Randall Horner was a humble and hard-working man who had his share of hard knocks. Noble recalled that he’d suffered two traumatic brain injuries in his life, including a chimney falling on his head in 1985 and a fall onto concrete in 1994.

Both times, he was knocked out. Both times, he recovered, always returning to the role he relished: being the rock of the family.

He was a playful grandfather, up for any challenge, singing karaoke and rolling in the snow to entertain the children who loved him.

He loved his family,” Noble said. “They all wanted to be at papaw’s house.”

But five years ago, things began to change, as Horner experienced sudden episodes of silence.

His family would learn it was glioblastoma, an aggressive and deadly form of brain cancer. It was stage four by the time it was found.

For a brief moment, it looked like Horner might beat his brain cancer. His tumor shrunk and he got to ring the famous bell.

But the happy moment was short lived and soon after, Noble endured the pain of watching her father slip away.

She had one word to describe it: “horrible.”

On Jan. 6, 2022, a day before his 69th birthday, Randall Horner passed away.

In the battle against brain cancer, his daughter had all but forgotten about her dad’s earlier brain injuries, never suspecting there could be a connection.

Horner didn’t serve in the military, but new military research could provide insight that could save others like him.

Dr. Ian Stewart, an Air Force Colonel, saved lots of wounded troops while deployed as an ICU physician to Bagram in Afghanistan in 2012 and 2013. He wondered about the long-term impacts of the injuries they survived.

After a call from a colleague, he started looking at a potential connection between traumatic brain injuries, or TBIs, and brain cancer.

“He had seen a couple of special operations members, he knew they had several TBIs, and then they both had brain cancer,” Col. Stewart said. “He asked me, ‘Is there any way we could look at this?'”

So, he did.

He tracked scans that revealed glioblastoma tumors near the sites of previous head traumas in servicemembers.

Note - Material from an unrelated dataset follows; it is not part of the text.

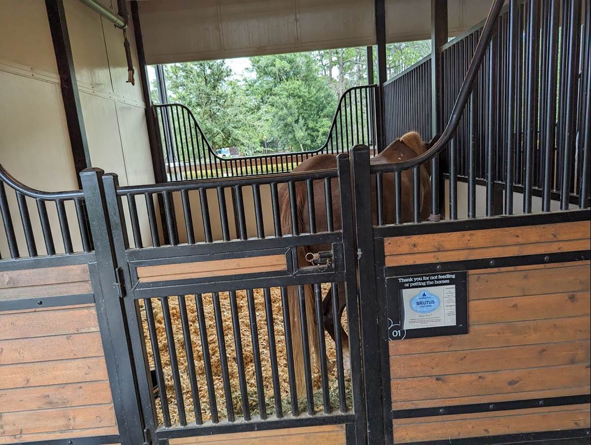 The original Tri-Circle-D Ranch was built before the grand opening of Walt Disney World in 1971 to fulfill Walt Disney’s dream of having horses at the Magic Kingdom. The new barn is twice the size of the original and includes larger stalls for the horses equipped with automatic water stations, a wedding harness room for Cinderella’s ponies. The new Tri-Circle-D Ranch is located near the bus loop by Pioneer Hall.

When Col. Stewart began analyzing the military medical data of nearly two million veterans and active servicemembers, he said he discovered a real connection between severe traumatic brain injuries and brain cancer.

“Patients with moderate to severe traumatic brain injury had a 90% increase in their risk of brain cancer,” Col. Stewart said. “And patients with penetrating injury, they had an over threefold rise in their risk of brain cancer.”

He published his findings last year, the first-ever veteran cohort study connecting severe brain injuries and brain cancer, including glioblastoma, which is the third leading cause of cancer deaths among servicemembers, and the same kind that claimed Noble’s dad.

Mild TBIs were not associated with an increased risk.

While more research is needed, Col. Stewart is confident he’s made a breakthrough in understanding how some brain cancers may begin with significant injuries in some cases.

I think what we’re really discovering is that, yes, that may happen at that one point in time, but it could potentially change the subsequent course of your life,” Col. Stewart said.

It’s the first step of many, with the ultimate goal of understanding the risk more completely, and developing interventions that can save lives.

Every single one of these young men and women volunteered to serve their country, and in the course of that service, they sustained a TBI,” said Col. Stewart. “It’s imperative on us in the research community to do everything we can to make sure that these people live long, healthy and happy lives.”

We showed Dodi Noble the study.

“I wish we would have known,” she said.

Had she known, Noble said, her dad’s glioblastoma might have been spotted early enough to save him.

She said that with the information she now has, she’d offer advice for people who suffered a serious TBI.

“I would think they should get checked periodically,” she said.

While Col. Stewart’s discovery could provide a real breakthrough in understanding what causes brain cancers to form, much more research is needed before we know for sure whether severe TBI plays a real role. We’ll continue to track it.